*** Opening of Supplied data ***

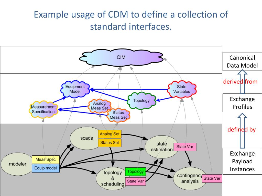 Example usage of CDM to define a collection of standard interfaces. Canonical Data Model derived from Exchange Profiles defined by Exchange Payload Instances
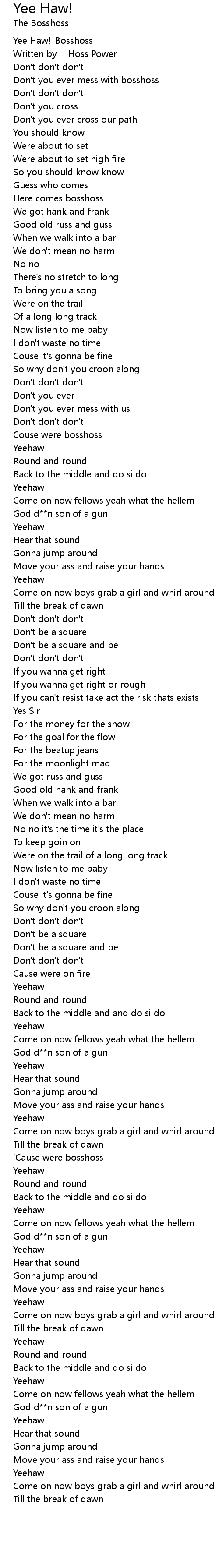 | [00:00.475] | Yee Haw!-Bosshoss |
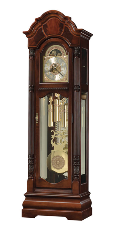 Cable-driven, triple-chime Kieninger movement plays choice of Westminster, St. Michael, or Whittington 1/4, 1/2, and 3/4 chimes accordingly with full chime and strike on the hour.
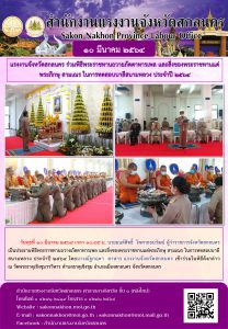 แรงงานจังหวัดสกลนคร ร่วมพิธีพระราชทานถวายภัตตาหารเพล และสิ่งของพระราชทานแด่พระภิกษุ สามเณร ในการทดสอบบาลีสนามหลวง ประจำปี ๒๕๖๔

*** Close of Supplied data ***

- [What you are asked to do]
Leave the pictures out and please restate exactly the lines running from the start of the material through the one with "Cable-driven, triple-chime Kieninger".

- [Task output]
 Example usage of CDM to define a collection of standard interfaces. Canonical Data Model derived from Exchange Profiles defined by Exchange Payload Instances
 | [00:00.475] | Yee Haw!-Bosshoss |
 Cable-driven, triple-chime Kieninger movement plays choice of Westminster, St. Michael, or Whittington 1/4, 1/2, and 3/4 chimes accordingly with full chime and strike on the hour.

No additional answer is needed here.